Fig. 289. Hausmannia sp. Upper Jurassic, near Helmsdale, Scotland. From a specimen in the British Museum. (Nat. size.)

It is interesting to compare these different forms of Hausmannia with the fronds of recent species of Dipteris represented in [fig. 231]. The more deeply dissected type, such as H. dichotoma, closely resembles D. Lobbiana or D. quinquefurcata, while the more or less entire fossil leaves ([fig. 278], E, F and [fig. 289]) are very like the somewhat unusual form of Dipteris conjugata shown in [fig. 231], B, p. 297.

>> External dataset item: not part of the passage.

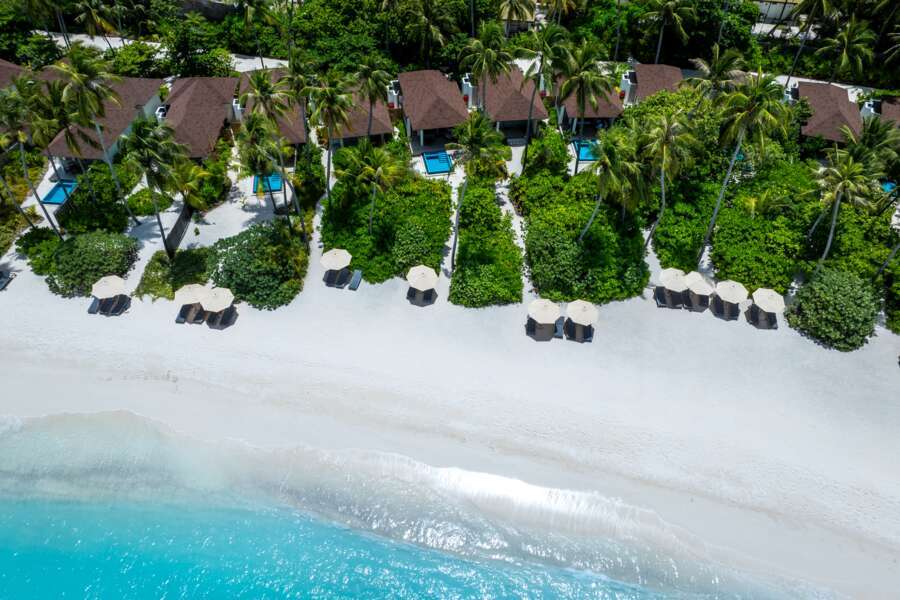 Die 17 Beach Villas (88 m²) befinden sich auf der Südwestseite, und sind einzelstehend. Das Badezimmer hat zusätzlichen einen Aussenbereich mit einer Badewanne sowie Dusche. Liegestühle befinden sind vor dem Zimmer.

Other species of the genus are recorded from Liassic rocks of Steierdorf[978] (Hungary) and of Bornholm[979]. Nathorst[980] has described a small Rhaetic species from Scania: a French Permian plant described by Zeiller[981] and compared by him with H. dichotoma, may be a Palaeozoic example of this Dipteris-like genus.

Some segments of leaves from the Eocene beds (Middle Bagshot) of Bournemouth, and now in the British Museum, described by Gardner and Ettingshausen[982] as Podoloma polypodioides, bear a close resemblance in the venation to the lamina of Dipteris conjugata.